- Opening Delimiter -

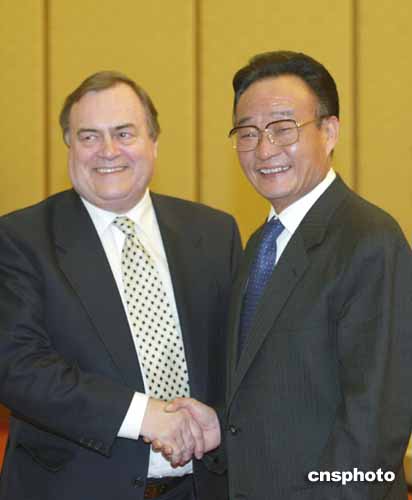 十二月一日,全國人大常委會委員長吳邦國在北京人民大會堂會見了英國副首相約翰·普雷斯科特。作者:廖文靜
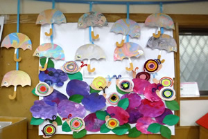 きりん組は好きな色を選んでマーブリング。傘を作りました。
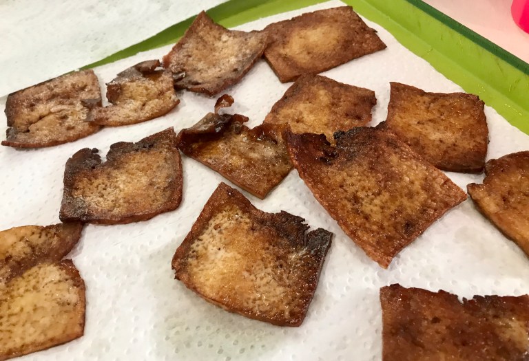 Dans un grand poêlon chaud, mettre un peu d’huile d’olive et faire cuire les morceaux de tofu. Faire en plusieurs fois pour éviter qu’ils ne se chevauchent. Les retourner quelque fois pour éviter qu’ils ne brûlent et les retirer quand ils sont bien colorés. Mettre sur un papier essuie-tout pour absorber l’huile.
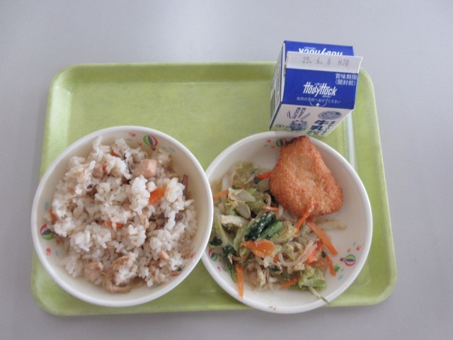 献立  こぎつねごはん  牛乳  もうかフライ
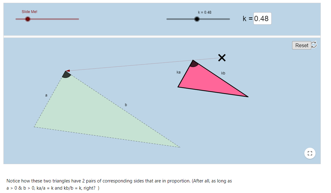 In the applet, you will find two triangles. The black angle in the green triangles is congruent to the black angle in the pink triangle. The black angle is included between sides a and b (green triangle) and between sides ka and kb (pink triangle).
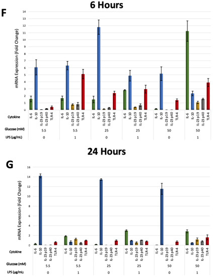 (A) IL-6 mRNA expression (fold change) at 6 and 24 h. IL-6 was significantly up-regulated at 6 h in 50 mM glucose with LPS-stimulated cells (p < 0.05). Asterisks (**) indicate p < 0.01 compared with all other IL-6 expressions at different times and glucose concentrations. (IL-6; Interleukin-6, mRNA; messenger RNA, LPS; lipopolysaccharide). (B) IL-10 mRNA expression (fold change) at 6 and 24 h. IL-10 was significantly up-regulated in LPS-free cells (p < 0.05). Asterisks (**) indicate p < 0.05 compared with all other IL-10 expressions. Asterisk (*) indicates p < 0.05 compared with IL-10 expressions in LPS-stimulated groups at 24 h. (IL-10; Interleukin-10, mRNA; messenger RNA, LPS; lipopolysaccharide). (C,D) IL-23 p19/p40 expression (fold change) at 6 and 24 h. IL-23 p19/p40 was significantly up-regulated in LPS-challenged cells (p < 0.05). Asterisks (**) indicate p < 0.05 compared with all other IL-23 p19/p40 expressions without LPS stimulation. (IL-23 p19; Interleukin-23 p19, IL-23 p40; Interleukin-23 p40, mRNA; messenger RNA, LPS; lipopolysaccharide). (E) TLR-4 expression (fold change) at 6 and 24 h. TLR-4 was significantly up-regulated in LPS-stimulated cells and in 25 and 50 mM glucose-treated cells at 6 h (p < 0.05). Asterisks (**) indicate p < 0.05 compared with TLR-4 expressions at 24 h in the same group. Asterisk (*) indicates p < 0.05 compared with all other TLR-4 expressions at 24 h. (TLR-4; Toll-like receptor-4, mRNA; messenger RNA, LPS; lipopolysaccharide). (F) Six-hour mRNA expressions (fold change) of IL-6, IL-10, IL-23 (p19/p40), and TLR-4. (IL-6; Interleukin-6, IL-10; Interleukin-10, IL-23 p19; Interleukin-23 p19, IL-23 p40; Interleukin-23 p40TLR-4; Toll-like receptor-4, mRNA; messenger RNA, LPS; lipopolysaccharide). (G) Twenty-four-hour mRNA expressions (fold change) of IL-6, IL-10, IL-23 (p19/p40), and TLR-4. (IL-6; Interleukin-6, IL-10; Interleukin-10, IL-23 p19; Interleukin-23 p19, IL-23 p40; Interleukin-23 p40TLR-4; Toll-like receptor-4, mRNA; messenger RNA, LPS; lipopolysaccharide).

- Closing Delimiter -

* **Required action**
Set down word for word the lines from the first entry through the line with "きりん組は好きな色を選んでマーブリング。傘を作りました。", both included, omitting pictures.

* **Solution for this task**
 十二月一日,全國人大常委會委員長吳邦國在北京人民大會堂會見了英國副首相約翰·普雷斯科特。作者:廖文靜
 きりん組は好きな色を選んでマーブリング。傘を作りました。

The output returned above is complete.